It depends on your threat model. If you don't run any untrusted code on your hardware (including Javascript), you can safely disable the mitigations. If you do run untrusted code, keep them enabled.

positr0n

What is the threat model if I run lots of untrusted JavaScript, but I only have a small amount of memory in other processes worth reading and I would notice sustained high CPU usage?

Is there an example in the wild of a spectre exploit stealing my gmail cookie and doing something with it? (Would be difficult since it's tied to other fingerprints like my IP)

Or stealing credit card numbers when they're in memory after I place an online order?

coldpie

In the context of a regular end-user desktop machine, this seems overly paranoid to me. The odds of encountering a real, JS-based spectre attack in the wild are basically zero (has anyone ever seen a browser-based Spectre attack outside of a research context? even once?), and the odds of it then being able to retrieve actual sensitive data are also basically zero. That's two astonishingly tiny numbers multiplied together. The threat just isn't there.

For regular end-user desktop machines, the mitigations only decrease performance for no real benefit. Spectre is a highly targeted attack, it's not something you can just point at any random machine to retrieve all their bank passwords or whatever.

daneel_w

You're not getting a boost, you're avoiding a penalty. In some (but not all) cases you can avoid the penalty and the exploits by disabling SMT. Remember, SMT isn't twice as many cores, just twice as many half-cores. You'll be fine.

thijsr

Disabling SMT alone isn’t enough to mitigate CPU vulnerabilities. For full protection against issues like L1TF or MDS, you must both enable the relevant mitigations and disable SMT. Mitigations defend against attacks where an attacker executes on the same core after the victim, while disabling SMT protects against scenarios where the attacker runs concurrently with the victim.

umanwizard

In my experience SMT is still faster for most workloads even with the mitigations.

viraptor

In practice probably not, as long as general population keeps it enabled. I mean, looking at effort required, it's not worth spending time exploiting spectre these days, because virtually everyone is protected. If you're not likely to be directly targeted, "herd immunity" will work.

iforgot22

If just visiting a webpage with some JS will let them do ACE on even 0.1% of visitors, hackers are probably still motivated enough to try it. But I vaguely remember these kinds of vulns can be patched in-browser for a perf hit instead of taking the hit system-wide, which sounds like an ok compromise.

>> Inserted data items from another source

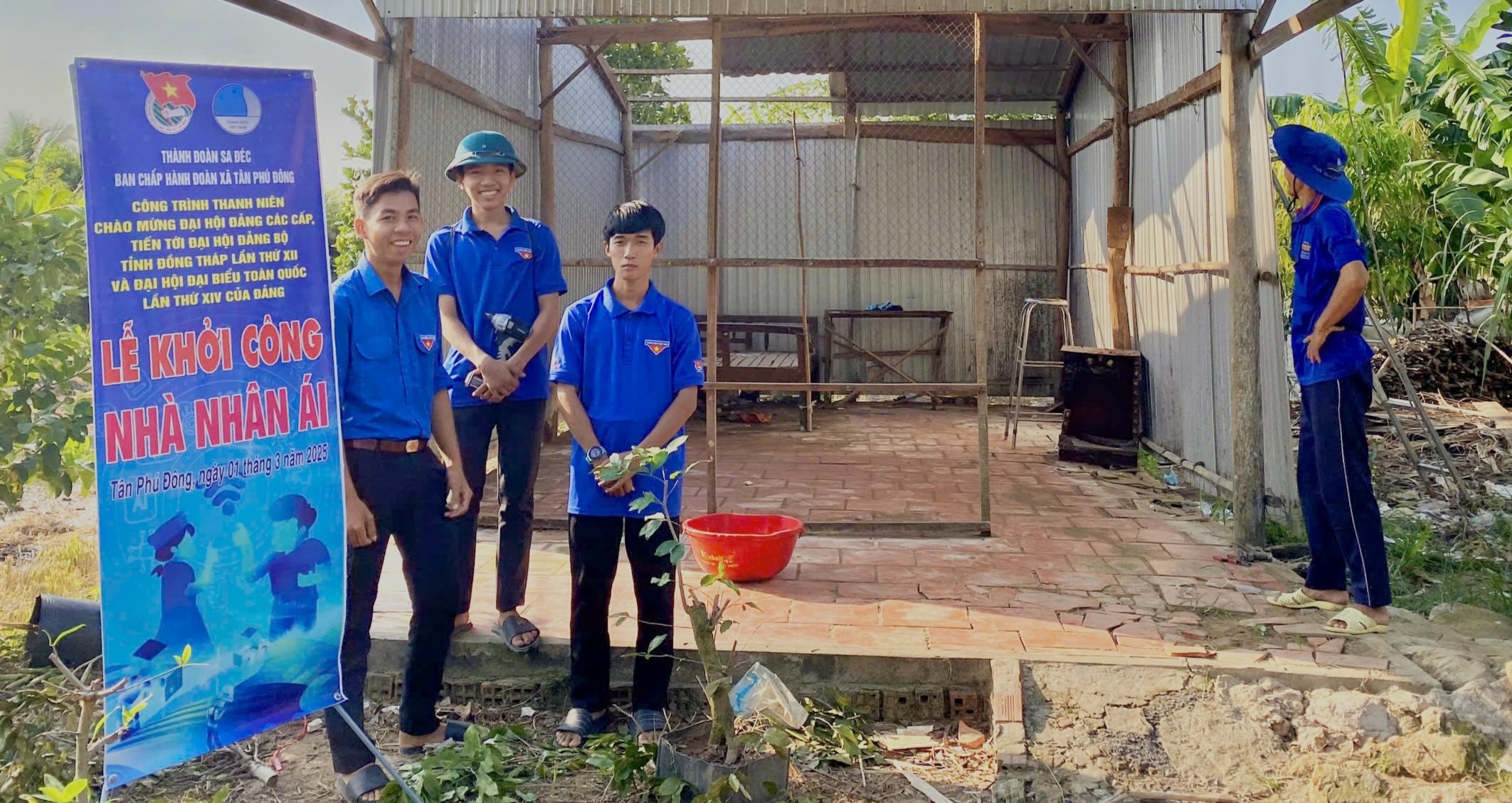 Đoàn viên, thanh niên xã Tân Phú Đông, thành phố Sa Đéc hỗ trợ người dân thuộc diện được “xóa nhà tạm” tháo dỡ nhà cũ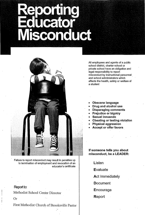 It is the desire of the MSC Faculty, Staff, and Administration to ensure the safety and well-being of all students. If any students or employees of First United Methodist School Center (MSC) feel that there has been a professional misconduct that is worthy of reporting (such as obscene language, drug/alcohol use, prejudice or bigotry, sexual innuendo or harassment, physical aggression), it should be reported immediately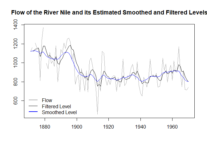In this illustrative example, we fit the local level model to the Nile dataset and compute the associated smoothed and filtered values.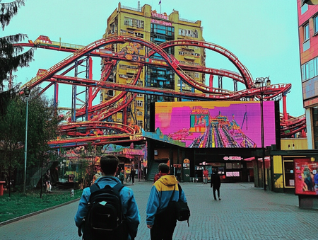 В первую очередь было придумано пространство парка. Промт состоял из слов: «park space», «cafe in a park space», «amusement park» к каждому из этих промтов было прикреплено изображение из старого проекта как стиль.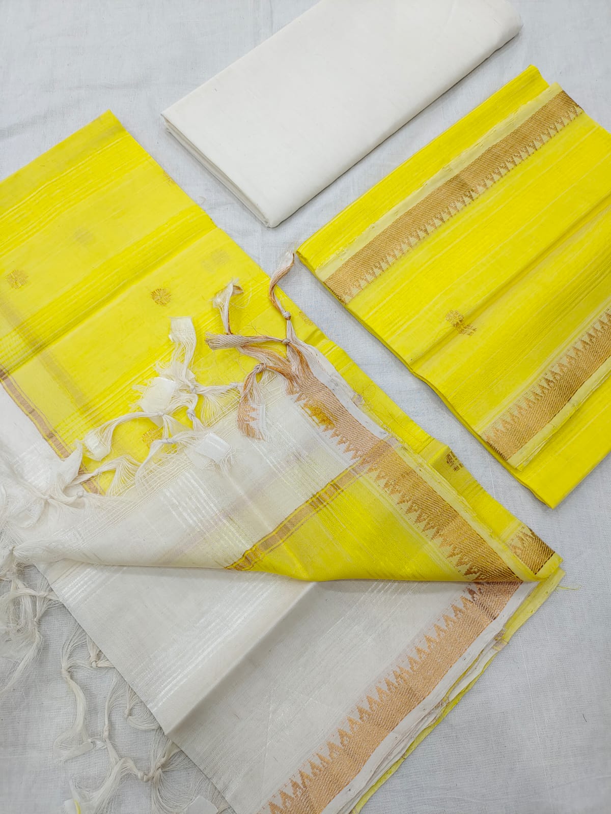 Mangalagiri pattu zari border zari buta work dress material (unstitched)

Edit: Arbitrary memory access, not ACE

jorvi

You shouldn't disable Spectre mitigations, but Retbleed and Downfall (Intel) are much more of a "lab" exploit, and the fall-out for Retbleed is much more severe on cloud boxes than your personal PC. Easy 20-40% performance uplift on AMD Zen1-Zen2 and Intel 6th-11th gen.

baq

Only if you don't care if baddies see you go fast

kllrnohj

What are you doing where you see anything remotely close to double-digit-% gains from disabling spectre mitigations?

AHTERIX5000

If mitigations include disabling SMT and the workload is compiling code, then the difference is easily in double digits.

umvi

my specific use case where I see significant performance improvement is image segmentation pipelines (which involve opencv-style image processing and AI inference). YMMV depending on your CPU I suppose.

iforgot22

Video editing maybe? Which is not going to involve running untrusted code.

basementcat

If your machine is air gapped and/or not running random downloaded code, I think it is a possible reasonable option.

autoexec

It's a tragedy that so many websites insist on having the ability to run random downloaded code on our systems to do basic things like displaying simple text and images. Things browsers are capable of with nothing but HTML. Google refuses to even show search results, a bunch of literal hyperlinks, without javascript being enabled.

paulddraper

> double-digit-%

In the early days there was a ~10% hit, but that's changed a lot since then.

umvi

It depends on the CPU, think. The most dramatic improvement I've seen is 20-30%+ improvements in python run times for numpy/pytorch heavy workloads on c2-standard-16 VMs in GCP with spectre mitigations disabled

LPisGood

I’d highly recommend reading Flush+Reload first since the cache side channel is key to any of these miceoarchitectural attacks.

mettamage

As someone who followed a course on all of this, this is indeed how we started out.

1. Read Flush + Reload

2. Then reproduce it in C

3. Then read Meltdown

4. Reproduce it in C

5. Read Spectre

6. Reproduce it in C

After that we had to implement a VUSEC paper. I chose GLitch [1].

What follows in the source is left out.